MARZI: Prior to the full length there is a two song split EP with “Warbeast” which is due to be out this November and it is called “War of the Gargantuas”. The full length is due to be out March of 2013 called “Walk through Exits Only” as I mentioned earlier and it will be on the mighty Housecore Records. Housecore is more than a label it’s family.
ROCKET: What do you feel is the biggest misconception people have about Philip Anselmo?
MARZI: Philip’s the realest motherfucker I know. By that I truly mean that he is all heart and he wears it proudly. The love he has and the good that he does almost silently is felt by many around him and far. And when you are the only one out there speaking the truth boldly under a damn microscope by the general media, who’s got an appetite for destroying reputations, then he’s the perfect candidate because he has no fear. And of course when his words are taken out of context it has its costs, but in the end his voice is heard and the real fans not only hear him but identify with him. The big misconception would be to say the opposite of what I mentioned. There is always gonna be a shit starter somewhere for perverse purposes. Fuck them!
ROCKET: Are you guys planning to tour the US for the Anselmo solo CD release?
MARZI: Oh fuck yes. We will tour the US, then destroy Europe, Japan and finish off in South America. I can’t put into words what bringing it live means not just to me but the rest of the band as well. I can’t wait to get out there and see the fans faces and represent with my heart buried in six strings.
ROCKET: What kind of guitars are you currently playing live and in the studio?
MARZI: Both live and in the studio I use Gibson Firebirds.
ROCKET: What kind of amp rigs?
MARZI: I used two different heads on this album Bogner and Engl through a custom Marshall M cab sprayed with foam on the inside. I honestly went directly in the brains without any rack gear or pedals. I got a mean tone that is raw and honest and far from processed.
ROCKET: What kind of ‘warm-up’ do you do before playing a gig?
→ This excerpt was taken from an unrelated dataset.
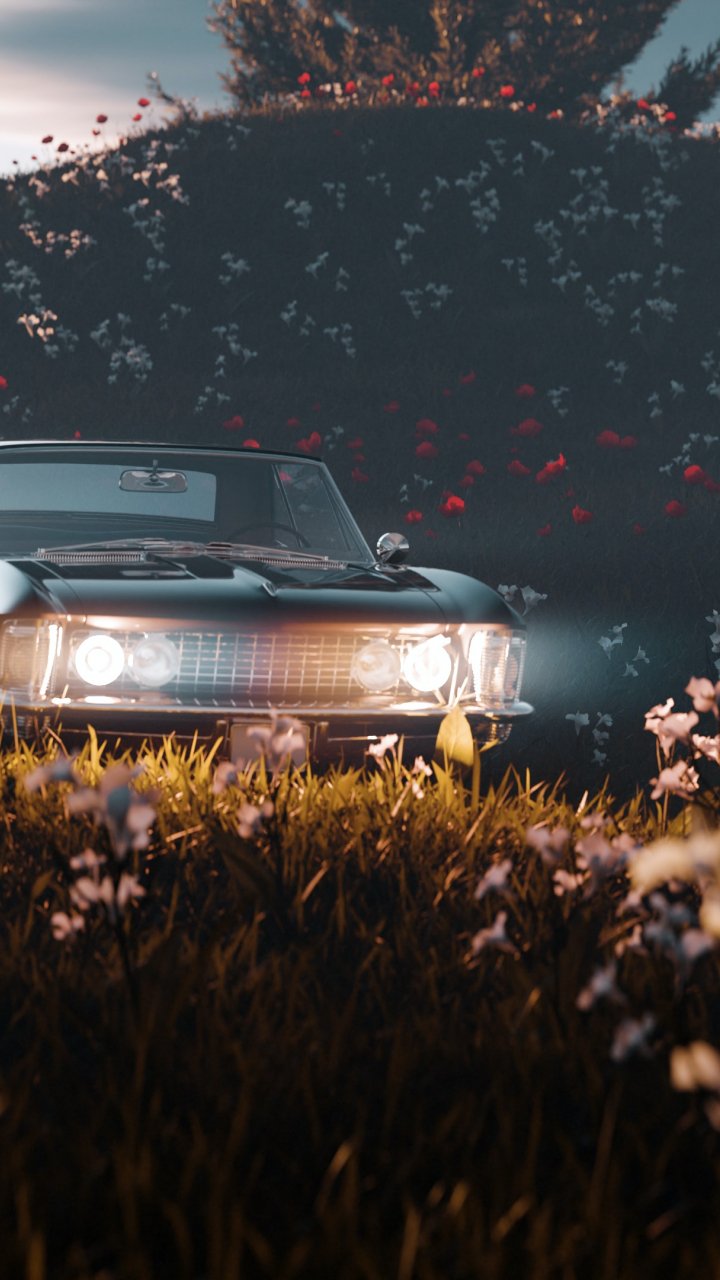 Обои: цветущее поле, машина - 720x1280

MARZI: I do a chromatic exercise to coordinate both hands and to bring a bit of order. I also do all legato for a bit then the rest is to throw caution in the wind and go nuts. I have no reservations when it comes to playing.
ROCKET: What are your words of advice to some youngster who wants to pick up the guitar and start learning how to play today?
MARZI: Patience is the key, especially in an environment where it is hard to focus because you’re being dragged in all different directions. It is a must to allow growth in a player. If you have a desire to do anything in life, such as picking up a musical instrument, then you have planted a seed within you. And like everything in life that seed will need nourishment. For an artist that translates into practice and dedication and at that instant it has no choice but to bear fruit. There is no greater high than having the doors of the Universe open up to let you in long enough for you to know how much more actually exists just by playing your guitar. We live in a quick fix, pill popping society that’s designed to temporarily shift us from ourselves long enough to see us make the grave. So most kids won’t put in the work and will expect quick results. The fact lies in knowing that the learning process is just that. It’s a progression where in every second there is an invisible transformation taking place. The final result is what everyone wants but getting there is the prize. So play and practice as much as you can and challenge yourself while making sure to have fun with it at all times.
ROCKET: Where do you see yourself in ten years?
MARZI: I see a lot of output musically from myself along with film and the arts.
ROCKET: Thanks very much for rocking this out with me. Best of luck with your music! Go ahead and give thanks to your biggest supporters.
MARZI: Man, before this all takes off with Philip I think its killer for me to get an opportunity to say to the real mofo’s out there that we didn’t forget about you. We have sacrificed much to bring you this new album. In a world where even the one time rebellious musician has started to bow down to the machine, we are here to restore love back where it belongs. We are the last remaining true source of nonconformity. Thanks for having me man. I’ll see you all soon on tour. With Love & Respect to All.